レタスとトマトに青紫蘇のノンオイルドレッシングをかける。彼女のダイエットに付き合って買ったもので、あんまり好きな味ではないけれど、食べものを捨てるのはなんだか申し訳なさがあった。
ぱくり。ひとくち。青紫蘇の独特な風味が広がって、眉を顰める。うん、やっぱり好きではない。

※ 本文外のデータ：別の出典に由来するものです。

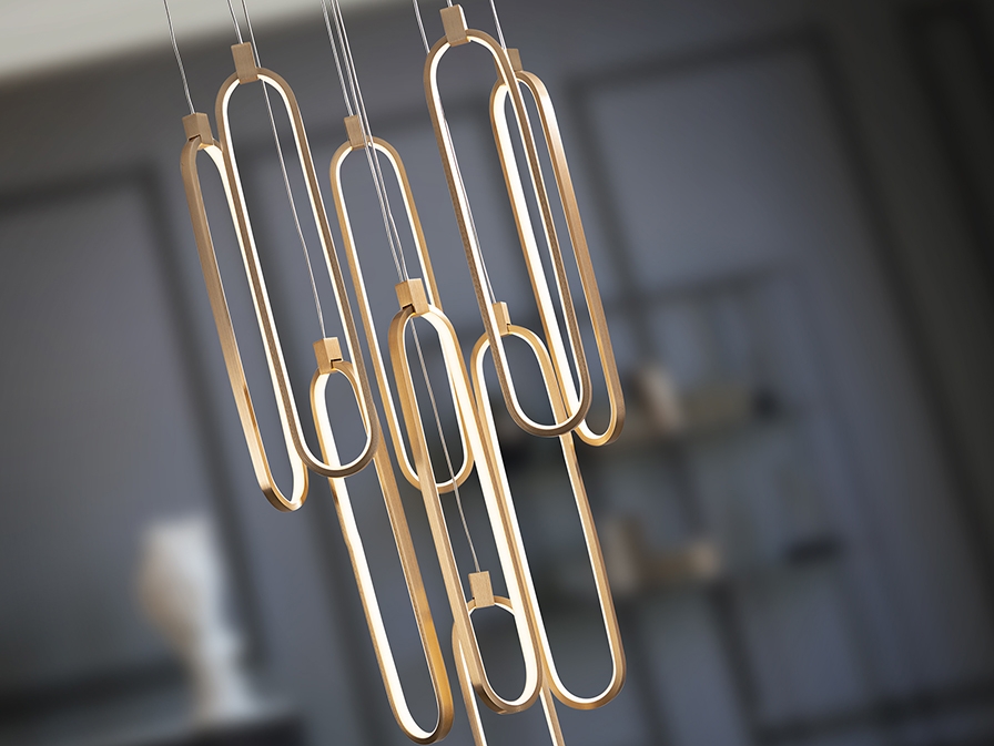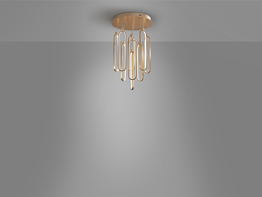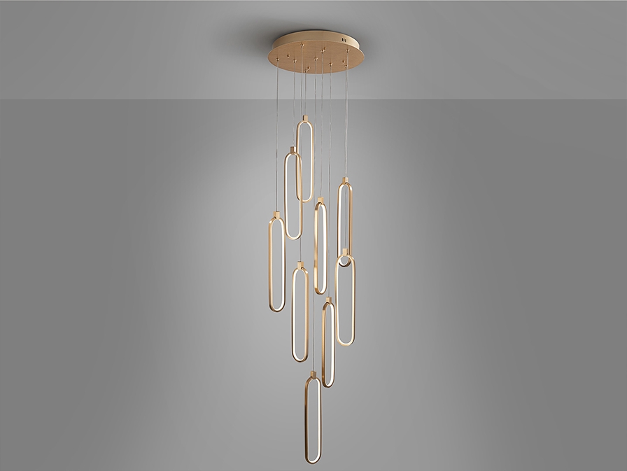 Каскадный светильник Colette с 9 овальными подвесами и регулируемой высотой подвешивания. Изготовлен из легкого шлифованного матового алюминия с оттенком розового золота. Стальная потолочная база диаметром 50 см. Люстра как интересный акцент в интерьере современной комнаты. В галерее наглядно показаны разные варианты внешнего вида, благодаря регулировке высоты каждого подвеса. Это дает возможность оптимального оформления под любую обстановку с разной высотой потолков. По внутреннему контуру каждого подвеса установлена светодиодная лента, обеспечивающая общее освещение мощностью 117W LED, 5600 lm. Цветовая температура 3000 К создает комфортное теплое свечение, которое не утомляет глаза и идеально подходит для создания уютной атмосферы. Силиконовые рассеиватели поверх светодиодов обеспечивают равномерное освещение и придают свету мягкость. Светильник диммируемый. Включает в себя светодиодные драйверы с симистором и регулировкой яркости 0-10 V. Благодаря регулировке, можно контролировать интенсивность освещения, создавая более светлый или приглушенный фон. Это допустимо с помощью настенного симистора или переключателя яркости 0-10 V. Любой ДРУГОЙ тип диммера может повредить светодиодный драйвер.

口直しにと目玉焼きにフォークを突き立てる。ぷち、だらり。あっという間に皿に黄身が広がってしまう。ひとくちサイズに白身を切って、ソースみたいに黄身を掬って、ぱくり。味付けも何もしていない、ただ焼いた卵の味。
「……あれ」
なんだかおかしい。
ほんの少し違和感を覚えて、首を傾げながらトーストを齧る。じゅわ、とマーガリンが染み出した。咀嚼して、飲み込んで、また首を傾げる。
なんだか、おかしい。不味いわけではないのだけれど、何かひとつ足りないような。
「……」
なんとなく理由を察しながらトーストを置き、ブラックコーヒーへ手を伸ばす。彼女が居た時はほとんど飲まなかったブラックコーヒー。黒々とした液体が、変な顔をした僕を写してゆらゆら揺れていた。
ひとくち。
「……ああ、くそ」
カップを置いて呟く。ブラックコーヒーは最悪だった。苦くて苦くて、ひたすら苦い。味気ないにもほどがある。
彼女と飲んでいたカフェオレに、彼女のいる食事に慣れすぎた。
虚しさに気付いて俯く。情けない、気付なかったなんて。ただ彼女に会う前の食卓に戻っただけだというのに、それが、こんなにも。
目玉焼きからは、まだ黄身が流れ続けていた。